Now it's starting to make a lot more sense. God, Dad loved us just fine, but he couldn't control himself. He's as nuts as his brothers or his sister. As nuts as his Dad. Jesus Christ. One of these Nathan K_r sons of bitches is going to be a fucking serial killer. I'm going to have to tell people, "That's my cousin." I mean, I won't. They'll ask. We have the same last name.

Realizing just how deeply mental illness must run in the family. And, oh, yeah, Dad used to get in my face and scream at the top of his lungs. When I was 8. In 3rd grade. You really weren't pulling your weight at practice today and, oh, yeah that's a totally normal screaming match to have with your father in the locker room in front of your teammates.

Wow, this is pretty fucked up to be thinking. I'm going between two extremes. Either, "I'm the crazy one, and I'm exaggerating everything" or "this shit all really happened."

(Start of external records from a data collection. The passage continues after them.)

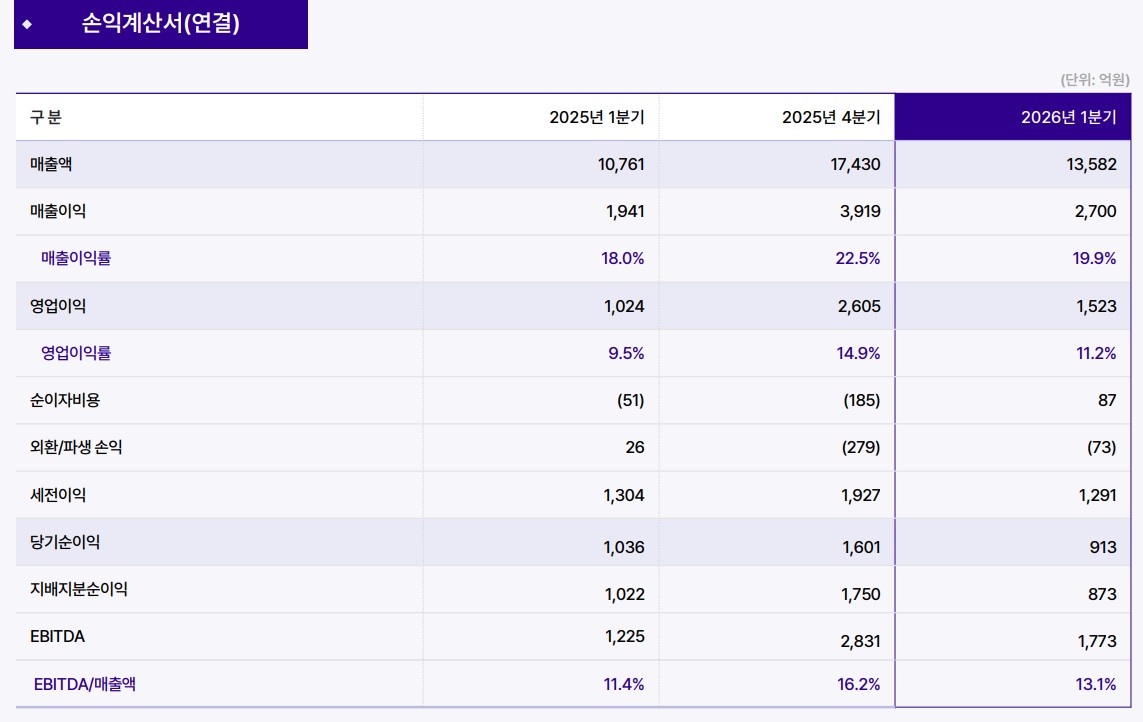 È¿¼ºÁß°ø¾÷ÀÌ 2026³â 1ºÐ±â ¿¬°á ±âÁØ ¸ÅÃâ 1Á¶3582¾ï¿ø, ¿µ¾÷ÀÌÀÍ 1523¾ï¿øÀ» ±â·ÏÇß´Ù°í 24ÀÏ °ø½ÃÇß´Ù. ¸ÅÃâÀº Àü³â µ¿±â ´ëºñ ¾à 26% Áõ°¡ÇßÁö¸¸, ÀüºÐ±â ´ëºñ·Î´Â °¨¼ÒÇß´Ù. ¿µ¾÷ÀÌÀÍ ¿ª½Ã Àü³â ´ëºñ 48.7% Áõ°¡ÇßÀ¸³ª, ÀüºÐ±â(2605¾ï¿ø) ´ëºñ·Î´Â ÁÙ¾ú´Ù.
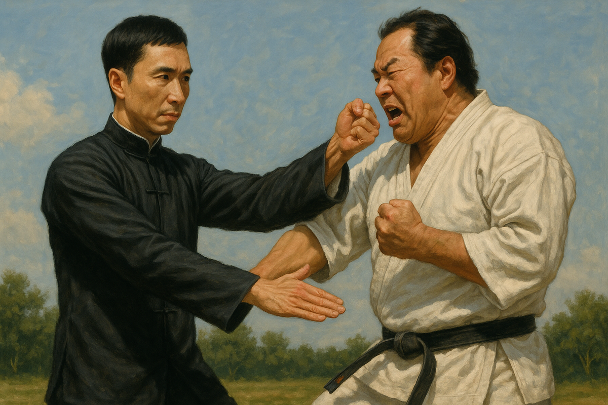 Это противостояние уходит корнями в глубь истории восточных единоборств. Адепты карате, воспитанные на принципах жёстких, угловатых движений, сконцентрированной силы в точке удара и философии "иккэн хиссацу" (одним ударом наповал), часто смотрят на кунг-фу как на нечто излишне витиеватое, эстетичное, но лишённое практической ценности в условиях реального боя. В их глазах замысловатые стойки, плавные переходы и акробатические элементы кунг-фу – всего лишь красивая обертка, скрывающая отсутствие настоящего "ударного стержня". Они с сарказмом говорят о "журавлиных клювах" и "пьяных обезьянах", противопоставляя им свой сокрушительный гяку-цуки и маваши-гери, способные, по их мнению, мгновенно отправить противника в царство теней.
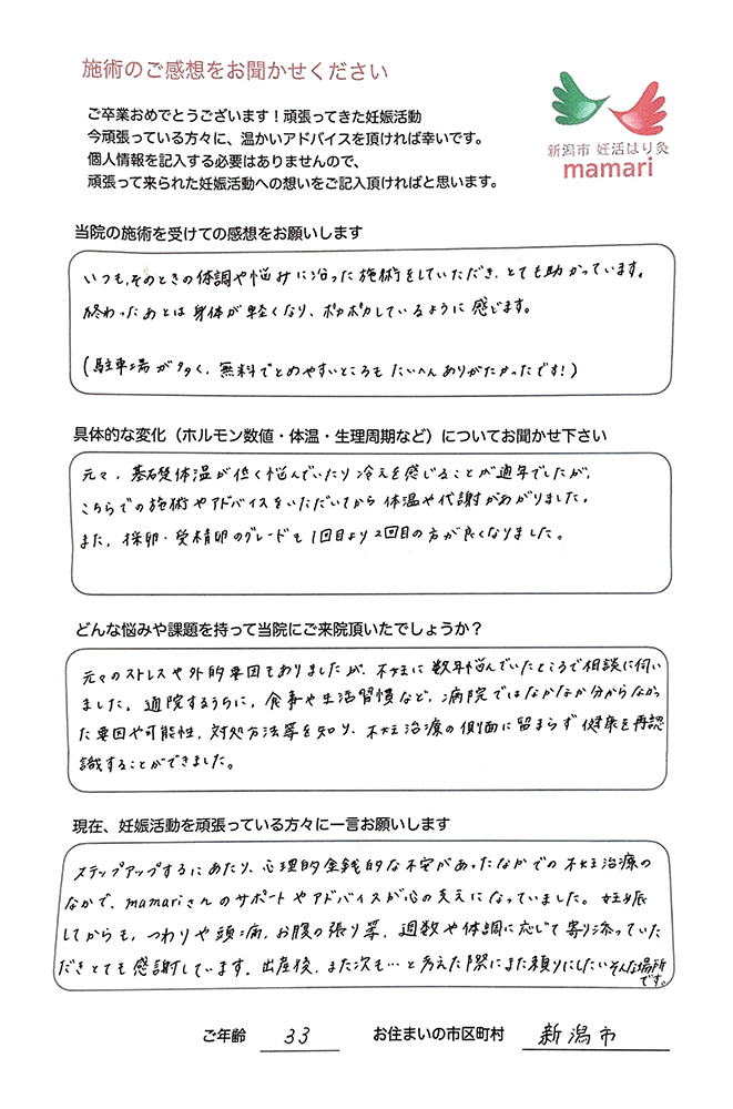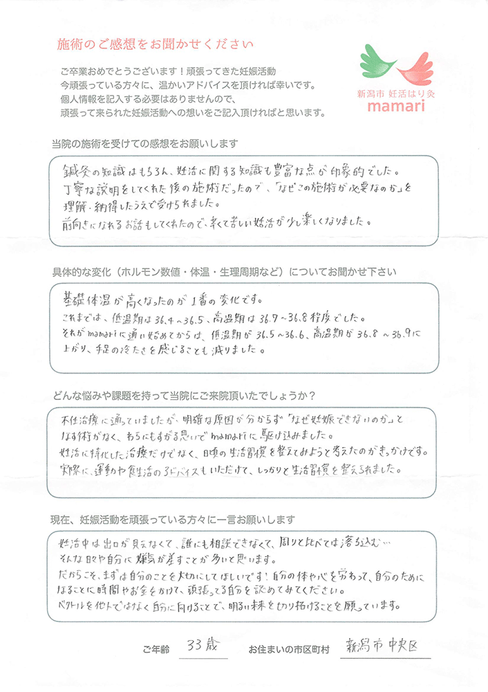 3人目不妊として、一年でも一ヶ月でも早く妊娠したいと思いましたが、不妊外来へ通院では中々出来ず、生活スタイルを変えるためにも何か変わるのでは?とmamariさんへ勇気を出して来院することにしました。
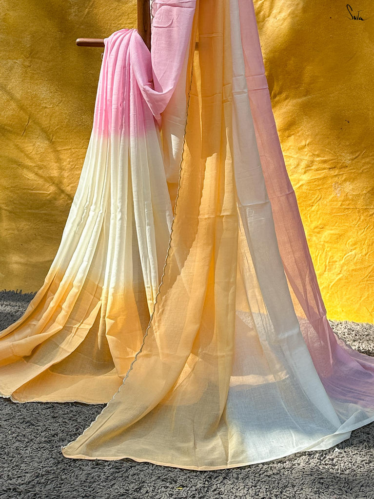 Note: Our mul sarees are slightly transparent, it’s the nature of the fabric and part of its soft, airy charm.

Holy fuck. Do I have genetic illness that's going to make me schizophrenic? 'Cause that would be funsies. Am I going to scream at my kid?

My dad must have been in so much fucking pain all the time. Especially when he decided, "You know what? I'm going to be a grown up and contribute around the house, plan nice vacations and gifts for my wife, call my son and ask how he's doing.

OK, last one only happened once, but it was really nice.